A 34-year-old post-partum female having dermatomyositis developed headache and became comatose after a seizure episode. Magnetic resonance imaging of brain showed a massive left ganglio-capsular bleed for which decompressive surgery was done. Computed tomographic angiography showed multiple foci of narrowing and irregularities in distal cerebral vessels. In view of dermatomyositis, the diagnosis of vasculitis was considered and pulse therapy of intravenous methylprednisolone was started. The patient, however, showed no improvement and developed new brain infarcts. She was subsequently taken up for a diagnostic cerebral angiography which showed multifocal severe narrowing in bilateral major cerebral arteries. These angiographic abnormalities showed excellent reversibility to intra-arterial milrinone and hence, reversible cerebral vasoconstriction syndrome (RCVS) was diagnosed. Normal angiographic findings in the first week do not rule out the disease and a repeat angiography should be considered if the clinical suspicion of the RCVS is high. Intra-arterial milrinone has a high diagnostic utility.

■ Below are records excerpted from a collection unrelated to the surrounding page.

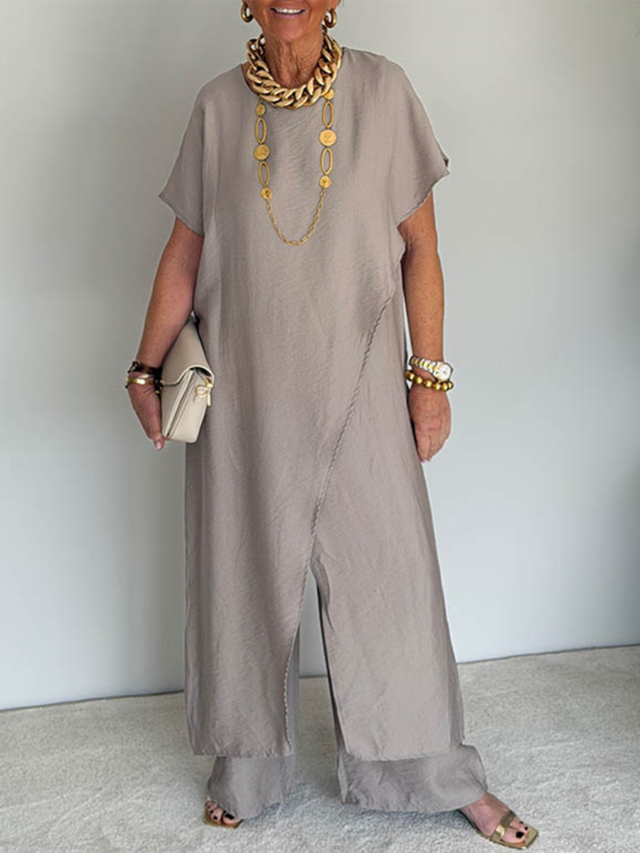 Women's Round Neck Long Sleeve Wide-leg Casual Irregular Hem Two-piece Pants Set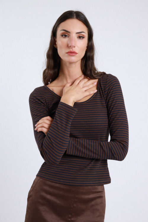 Maglia Elasticizzata a Maniche Lunghe Rigata.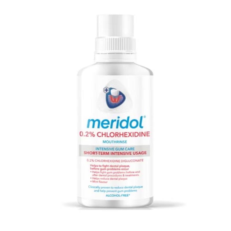 Meridol Chlorhexidine 0.2% Mouth Rinse 300ml is a clinically proven medicated mouthwash formulated with chlorhexidine digluconate (0.2%), a trusted antibacterial agent used to significantly reduce harmful oral bacteria. Designed to protect gums, reduce plaque formation, and support oral hygiene before and after dental treatments, this alcohol-free formula helps manage gum irritation, bleeding, and inflammation. With its mild taste and ready-to-use liquid format, it offers effective short-term gum support and bacterial reduction without causing oral mucosa irritation. Ideal as an adjunct to daily brushing, especially during periods of reduced oral hygiene or post-periodontal procedures.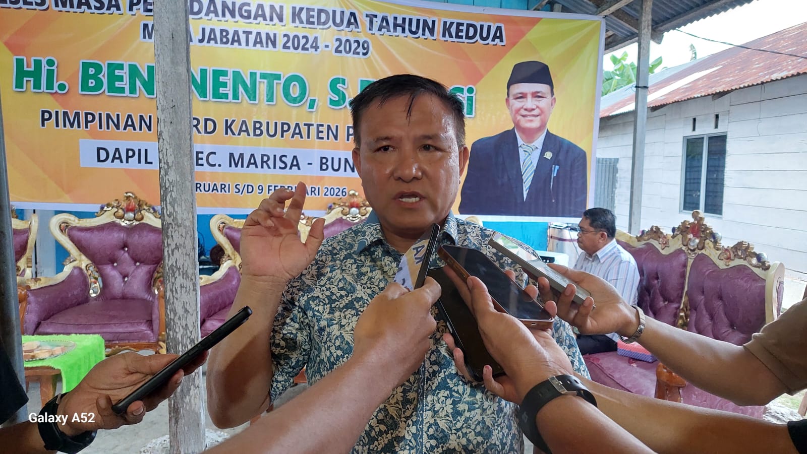 POHUWATO (Brainline.id) – Ketua DPRD Kabupaten Pohuwato dari Daerah Pemilihan (Dapil) 1 Marisa–Buntulia, Beni Nento, melaksanakan kegiatan reses masa persidangan kedua tahun kedua masa jabatan 2024–2029 di Desa Pohuwato, Kecamatan Marisa, Minggu (8/2/2026).

The diagnosis of reversible cerebral vasoconstriction syndrome (RCVS) often may be misleading and delayed because of the dynamic evolution of clinico-radiological features. RCVS is known to have an initial week of a hemorrhagic phase, which is later followed by ischemic complications. The angiographic features of RCVS are often best demonstrable only in the ischemic phase. Here, we present an unusual case of large basal ganglia hemorrhage in which the diagnosis was initially considered vasculitis. The diagnosis of RCVS was subsequently established by excellent angiographic reversibility to intra-arterial milrinone.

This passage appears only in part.